Tema yang muncul dalam karya A.A. Navis biasanya bernapaskan kedaerahan dan
keagamaan sekitar masyarakat Minangkabau. Tentang kehadirannya dalam sastra
Indonesia, A. Teeuw berkomentar bahwa Navis sebenarnya bukan seorang pengarang
besar, melainkan seorang pengarang yang menyuarakan suara Sumatera di tengah konsep
Jawa (pengarang Jawa) sehingga ia layak disebut sebagai pengarang “Angkatan Terbaru”.
Komentar lain, Abrar Yusra, mengatakan bahwa cerpen Navis “Robohnya Surau Kami”
yang mendapat hadiah kedua dari majalah Kisah sebenarnya lebih terkenal daripada cerpen
“Kejantanan di Sumbing” karya Subagio Sastrowardoyo. Di luar bidang
kepengarangannya itu, Navis bekerja sebagai pemimpin redaksi
di harian Semangat (harian angkatan bersenjata edisi Padang), Dewan Pengurus Badan
Wakaf INS, dan pengurus Kelompok Cendekiawan Sumatera Barat (Padang Club). Di
samping itu, Navis juga sering menghadiri berbagai seminar masalah sosial dan budaya
sebagai pemakalah atau peserta.

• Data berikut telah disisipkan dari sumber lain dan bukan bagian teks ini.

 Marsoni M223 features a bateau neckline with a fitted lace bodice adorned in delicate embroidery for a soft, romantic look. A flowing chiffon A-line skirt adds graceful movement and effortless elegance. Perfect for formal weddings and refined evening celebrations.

Setelah Navis menikah, istrinya juga ikut membantu
pekerjaannnya sebagai sastrawan. Apabila ia sedang menulis sebuah cerita, istrinya selalu
mendampinginya dan membaca setiap lembar karangannya. Ia memperhatikan reaksi
istrinya ketika membaca dan itu yang dibuatnya sebagai ukuran bahwa tulisannya sesuai
atau tidak dengan keinginannya. Di hari tuanya, Navis menyimpan beberapa gagasan untuk
menulis cerpen dan memulai menggarap novel. Beberapa dari keinginannya itu sudah
selesai, tetapi banyak juga yang terbengkalai. Kendalanya adalah usianya yang bertambah
tua yang menyebabkan daya tahan tubuh dan pikirannya semakin menurun. A.A. Navis
meninggal karena sakit di Rumah Sakit Pelni, Jakarta, tahun 2004.

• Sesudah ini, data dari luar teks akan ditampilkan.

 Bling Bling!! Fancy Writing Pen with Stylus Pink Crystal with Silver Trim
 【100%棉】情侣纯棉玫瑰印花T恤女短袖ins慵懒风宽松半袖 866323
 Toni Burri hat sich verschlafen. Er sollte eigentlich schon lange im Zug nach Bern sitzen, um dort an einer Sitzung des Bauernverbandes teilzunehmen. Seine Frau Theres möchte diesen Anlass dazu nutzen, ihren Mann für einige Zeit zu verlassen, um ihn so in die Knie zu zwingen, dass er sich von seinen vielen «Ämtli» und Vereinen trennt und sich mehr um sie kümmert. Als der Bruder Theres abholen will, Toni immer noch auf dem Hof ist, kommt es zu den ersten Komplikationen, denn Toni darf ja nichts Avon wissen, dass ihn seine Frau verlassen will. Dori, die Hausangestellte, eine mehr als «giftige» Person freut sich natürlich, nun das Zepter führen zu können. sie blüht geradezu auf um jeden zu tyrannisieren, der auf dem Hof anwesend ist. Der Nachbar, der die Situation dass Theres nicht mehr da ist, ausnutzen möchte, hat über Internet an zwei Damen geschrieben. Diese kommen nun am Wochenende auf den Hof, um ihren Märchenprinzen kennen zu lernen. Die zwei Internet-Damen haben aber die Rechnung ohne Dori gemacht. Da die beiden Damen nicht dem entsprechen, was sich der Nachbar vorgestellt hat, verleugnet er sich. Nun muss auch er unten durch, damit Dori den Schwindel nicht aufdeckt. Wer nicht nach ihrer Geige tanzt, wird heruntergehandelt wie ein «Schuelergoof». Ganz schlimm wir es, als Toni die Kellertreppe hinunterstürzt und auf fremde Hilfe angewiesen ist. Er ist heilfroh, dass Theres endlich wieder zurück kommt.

B. Nilai moral yang terkandung :
 Nilai sosial: saling membantu satu sama lain jika seseorang berada dalam masalah,
saling menghormati antar manusia, dan tidak boleh saling menghina satu sama lain.
 Nilai moral: hormat dan suka menolong, serta tidak mementingkan diri sendiri dalam
hidup.
 Nilai agama: menjaga keseimbangan antara kehidupan dunia dan kehidupan akhirat,
serta tidak terlalu lemah atau terlalu kuat dalam iman kita.

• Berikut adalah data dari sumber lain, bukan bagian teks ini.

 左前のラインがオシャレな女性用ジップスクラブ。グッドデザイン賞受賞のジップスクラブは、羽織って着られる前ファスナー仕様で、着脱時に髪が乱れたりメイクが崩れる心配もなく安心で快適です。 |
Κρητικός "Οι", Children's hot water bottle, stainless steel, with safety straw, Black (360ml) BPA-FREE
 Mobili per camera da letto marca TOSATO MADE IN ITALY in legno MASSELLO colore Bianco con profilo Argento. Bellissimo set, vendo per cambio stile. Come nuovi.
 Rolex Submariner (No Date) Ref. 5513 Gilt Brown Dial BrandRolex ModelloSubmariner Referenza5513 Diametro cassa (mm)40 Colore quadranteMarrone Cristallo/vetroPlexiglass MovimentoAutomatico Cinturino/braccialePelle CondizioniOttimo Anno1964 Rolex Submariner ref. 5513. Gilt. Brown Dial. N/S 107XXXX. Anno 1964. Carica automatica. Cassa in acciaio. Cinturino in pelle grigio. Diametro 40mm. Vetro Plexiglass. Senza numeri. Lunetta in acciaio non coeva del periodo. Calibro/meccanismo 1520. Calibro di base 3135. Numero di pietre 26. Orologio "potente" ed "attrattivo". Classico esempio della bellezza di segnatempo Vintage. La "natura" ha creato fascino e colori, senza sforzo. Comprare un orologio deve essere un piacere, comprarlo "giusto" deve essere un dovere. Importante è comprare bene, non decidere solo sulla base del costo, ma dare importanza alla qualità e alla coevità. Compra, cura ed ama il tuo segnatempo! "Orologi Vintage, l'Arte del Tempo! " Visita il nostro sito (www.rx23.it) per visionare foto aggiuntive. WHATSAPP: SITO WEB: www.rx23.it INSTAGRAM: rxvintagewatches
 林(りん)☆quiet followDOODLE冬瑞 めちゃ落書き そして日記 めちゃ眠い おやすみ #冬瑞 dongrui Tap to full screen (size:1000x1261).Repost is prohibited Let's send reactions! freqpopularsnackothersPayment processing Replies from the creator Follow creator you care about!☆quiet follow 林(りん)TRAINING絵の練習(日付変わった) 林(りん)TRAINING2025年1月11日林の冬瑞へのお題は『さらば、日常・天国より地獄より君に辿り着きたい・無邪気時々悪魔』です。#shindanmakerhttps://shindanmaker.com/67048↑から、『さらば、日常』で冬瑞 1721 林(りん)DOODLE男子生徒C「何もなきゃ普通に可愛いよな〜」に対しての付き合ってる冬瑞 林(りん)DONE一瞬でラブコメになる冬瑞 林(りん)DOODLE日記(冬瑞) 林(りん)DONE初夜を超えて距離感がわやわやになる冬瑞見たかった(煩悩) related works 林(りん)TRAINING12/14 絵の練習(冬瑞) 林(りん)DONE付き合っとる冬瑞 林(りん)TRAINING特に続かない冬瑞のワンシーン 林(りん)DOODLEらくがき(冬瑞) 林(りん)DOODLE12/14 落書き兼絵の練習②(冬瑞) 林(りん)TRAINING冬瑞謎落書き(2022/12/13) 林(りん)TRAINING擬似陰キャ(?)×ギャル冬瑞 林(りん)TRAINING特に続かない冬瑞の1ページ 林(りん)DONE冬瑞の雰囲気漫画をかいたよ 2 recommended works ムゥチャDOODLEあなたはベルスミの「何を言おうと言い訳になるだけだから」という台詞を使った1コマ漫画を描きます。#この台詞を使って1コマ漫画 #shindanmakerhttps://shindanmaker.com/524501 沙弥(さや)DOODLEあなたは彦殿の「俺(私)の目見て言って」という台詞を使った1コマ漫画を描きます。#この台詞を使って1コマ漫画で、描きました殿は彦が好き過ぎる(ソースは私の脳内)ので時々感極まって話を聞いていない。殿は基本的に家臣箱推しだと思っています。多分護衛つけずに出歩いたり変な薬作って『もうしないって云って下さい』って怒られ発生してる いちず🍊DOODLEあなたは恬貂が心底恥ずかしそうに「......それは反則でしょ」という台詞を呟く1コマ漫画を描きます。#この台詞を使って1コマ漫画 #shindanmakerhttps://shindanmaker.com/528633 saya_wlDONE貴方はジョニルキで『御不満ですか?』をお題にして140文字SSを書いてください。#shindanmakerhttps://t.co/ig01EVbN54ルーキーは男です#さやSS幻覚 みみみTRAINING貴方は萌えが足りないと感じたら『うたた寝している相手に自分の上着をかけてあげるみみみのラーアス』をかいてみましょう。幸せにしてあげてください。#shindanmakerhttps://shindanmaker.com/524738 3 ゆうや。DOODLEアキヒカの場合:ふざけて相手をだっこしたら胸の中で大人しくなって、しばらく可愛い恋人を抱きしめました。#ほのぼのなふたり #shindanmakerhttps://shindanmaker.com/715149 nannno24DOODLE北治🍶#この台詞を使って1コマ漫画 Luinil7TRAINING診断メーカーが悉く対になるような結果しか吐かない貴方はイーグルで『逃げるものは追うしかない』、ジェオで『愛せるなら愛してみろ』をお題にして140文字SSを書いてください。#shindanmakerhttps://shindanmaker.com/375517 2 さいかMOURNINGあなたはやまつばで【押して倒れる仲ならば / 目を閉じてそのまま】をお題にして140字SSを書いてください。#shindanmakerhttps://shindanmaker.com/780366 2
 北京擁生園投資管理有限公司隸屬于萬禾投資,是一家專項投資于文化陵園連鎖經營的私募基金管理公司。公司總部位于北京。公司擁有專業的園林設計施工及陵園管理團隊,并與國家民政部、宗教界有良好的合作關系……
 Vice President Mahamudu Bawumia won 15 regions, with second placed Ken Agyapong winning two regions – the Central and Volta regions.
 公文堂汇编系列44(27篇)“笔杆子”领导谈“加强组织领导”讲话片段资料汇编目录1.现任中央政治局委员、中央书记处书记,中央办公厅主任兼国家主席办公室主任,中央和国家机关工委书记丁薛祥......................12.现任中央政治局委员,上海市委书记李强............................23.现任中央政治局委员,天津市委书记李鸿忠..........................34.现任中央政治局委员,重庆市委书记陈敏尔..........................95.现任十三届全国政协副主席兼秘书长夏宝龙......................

 Nilai pendidikan: kerja keras, memaafkan, sabar, dan tanggung jawab.
 Nilai budaya: menjaga apa yang sudah dijaga dan tidak membiarkan kerobohan dan
kebodohan manusia merusaknya.
3. Alasan cerita sangat berkesan :
Karena cerita ini memberikan banyak nilai-nilai dalam kehidupan. Dimana dalam Cerpen
"Robohnya Surau Kami" karya A.A. Navis ini menceritakan tentang seorang kakek yang
menjaga sebuah surau di sebuah desa. Kakek tersebut merasa tersindir oleh cerita Ajo
Sidi tentang Haji Saleh yang dikirim Tuhan ke neraka akibat keegoisannya saat hidup
hanya untuk Tuhan dan tidak mempedulikan kehidupan sekitarnya. Kakek berpikir bahwa
tak apa hidupnya miskin asal tidak miskin ibadahnya kepada Tuhan. Akibatnya, Kakek
mengakhiri hidupnya dengan cara bunuh diri. Dengan cerita tersebut, memberikan nilai-
nilai berupa nilai sosial, moral, agama, pendidikan dan budaya.Jadi dapat diambil
pelajaran bahwa kita harus berhati-hati dalam menerima cerita atau informasi dari orang
lain, terutama jika cerita tersebut dapat mempengaruhi keyakinan dan iman kita. kita juga
harus menjaga keseimbangan antara kehidupan dunia dan kehidupan akhirat, serta tidak
terlalu lemah atau terlalu kuat dalam iman kita.